** REQUIRED ACTION **
Restate the whole of the data below word for word, skipping the images.

** INFORMATION PROVIDED **
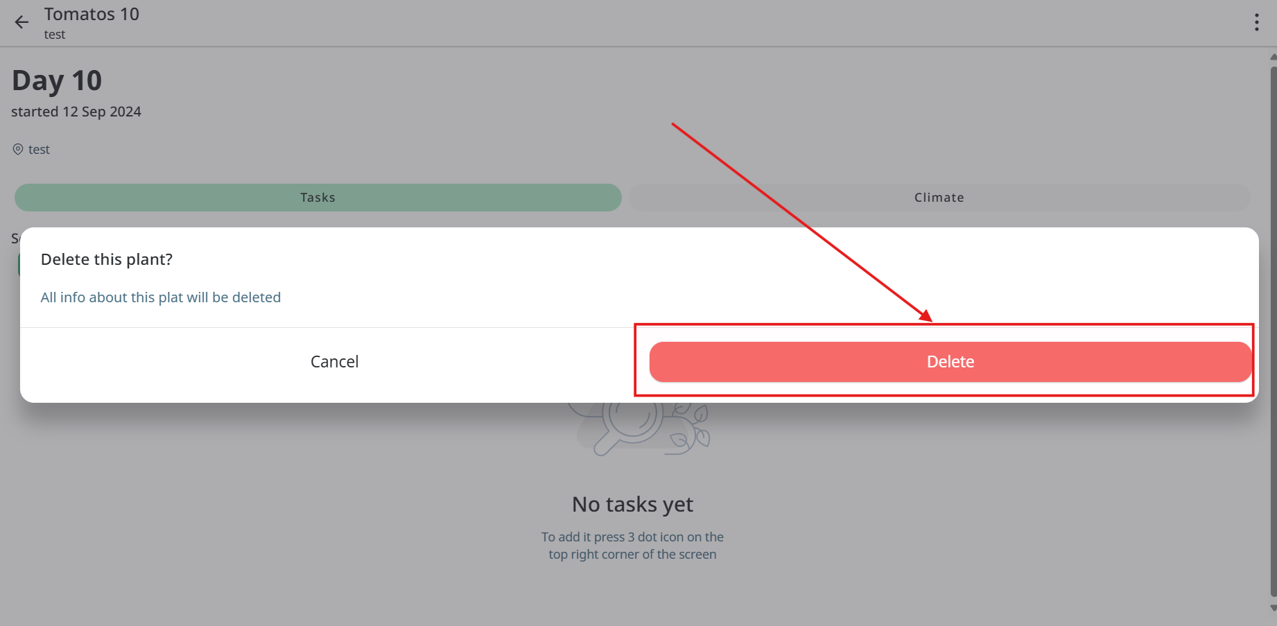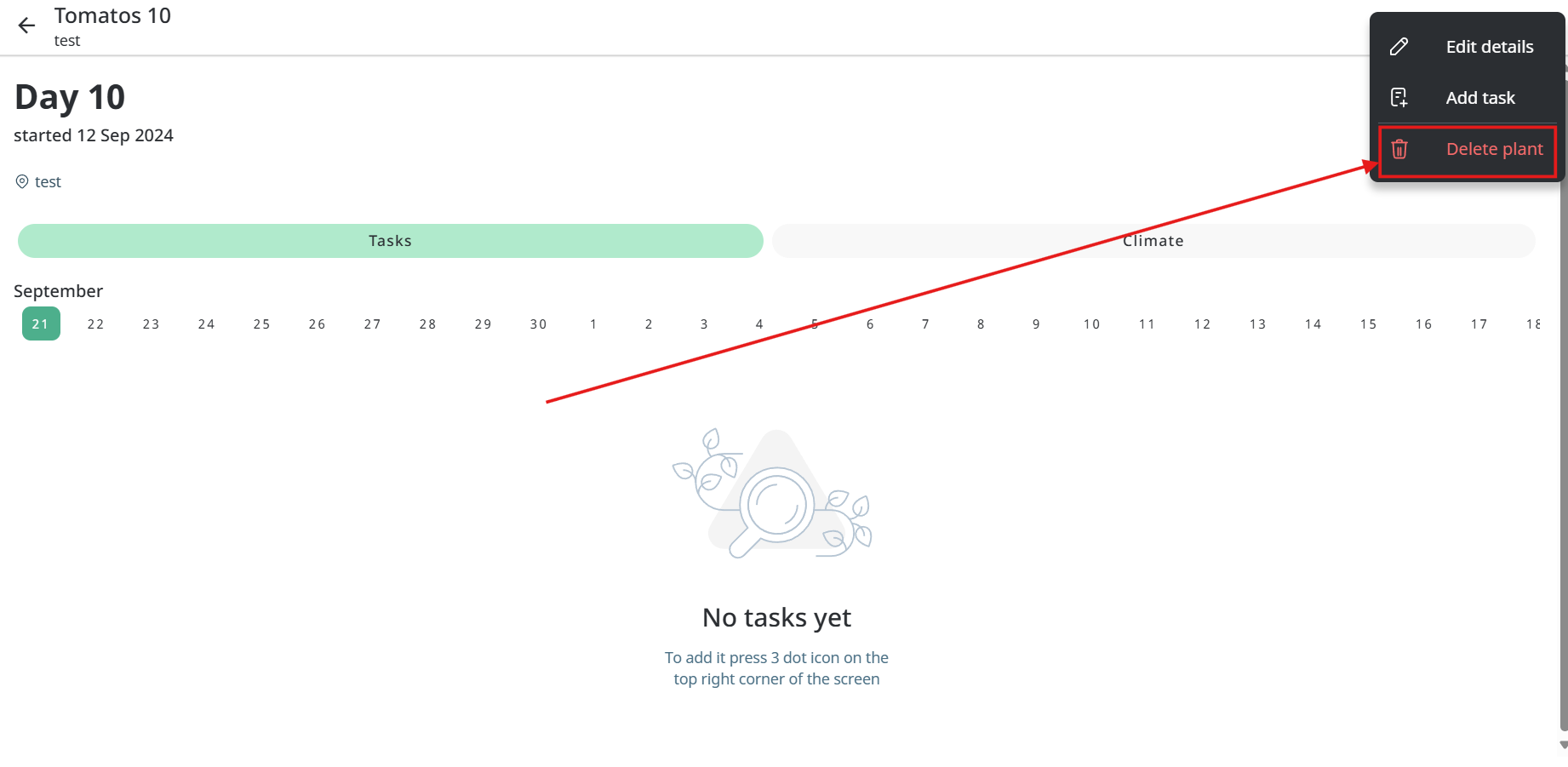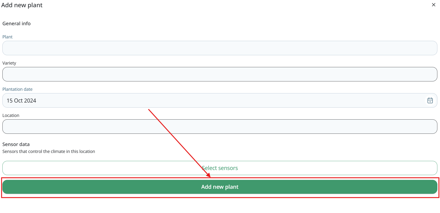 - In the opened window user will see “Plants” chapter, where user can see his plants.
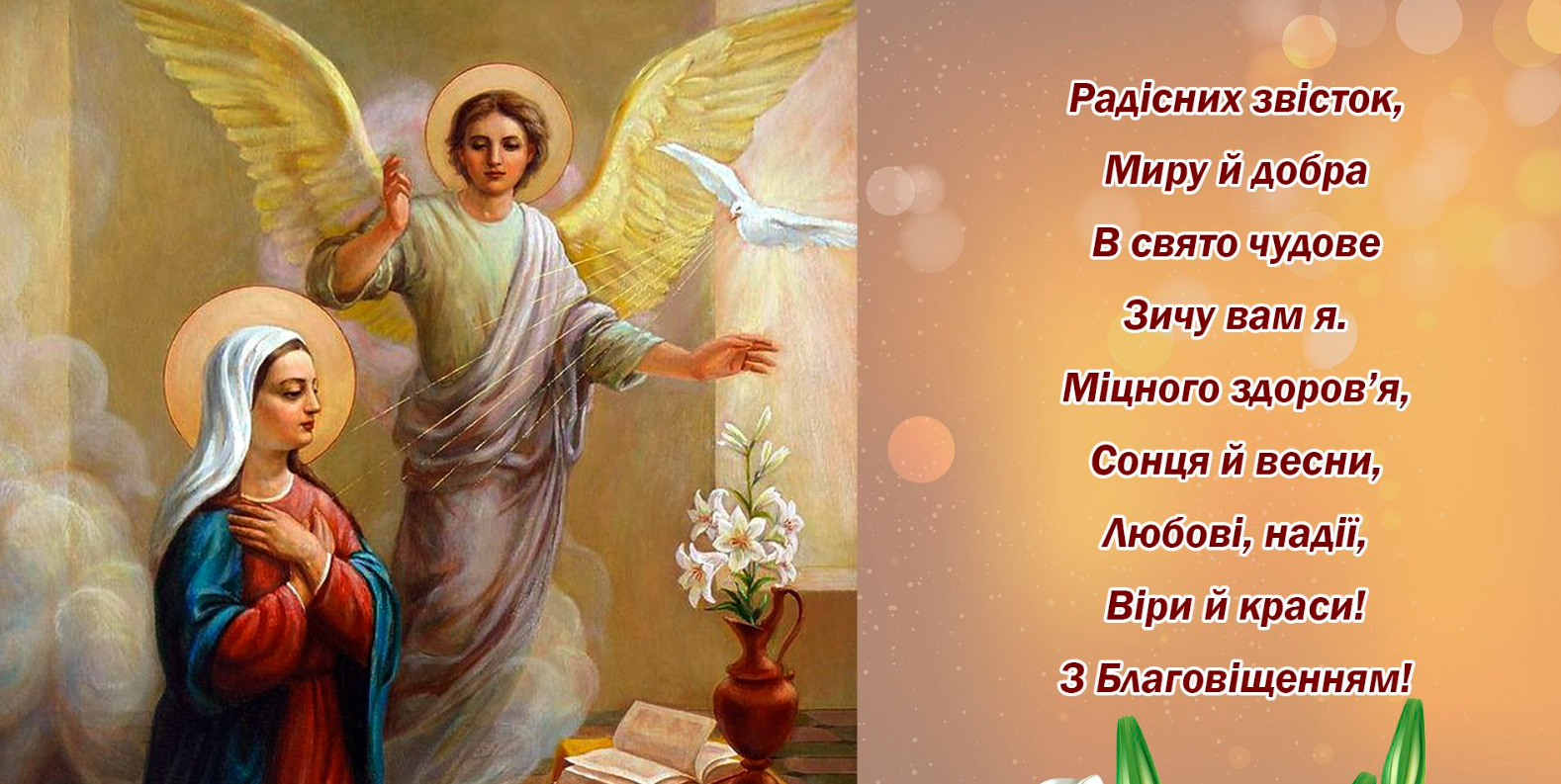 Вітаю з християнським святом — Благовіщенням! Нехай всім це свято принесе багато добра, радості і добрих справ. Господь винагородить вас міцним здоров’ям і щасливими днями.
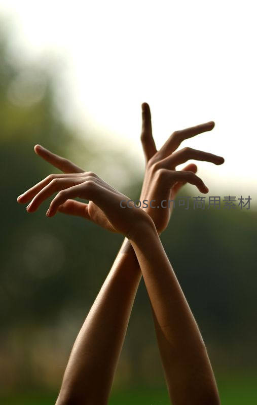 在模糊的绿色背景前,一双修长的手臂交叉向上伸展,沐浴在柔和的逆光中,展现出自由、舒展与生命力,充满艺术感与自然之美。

** FINISHED TASK **
 - In the opened window user will see “Plants” chapter, where user can see his plants.
 Вітаю з християнським святом — Благовіщенням! Нехай всім це свято принесе багато добра, радості і добрих справ. Господь винагородить вас міцним здоров’ям і щасливими днями.
 在模糊的绿色背景前,一双修长的手臂交叉向上伸展,沐浴在柔和的逆光中,展现出自由、舒展与生命力,充满艺术感与自然之美。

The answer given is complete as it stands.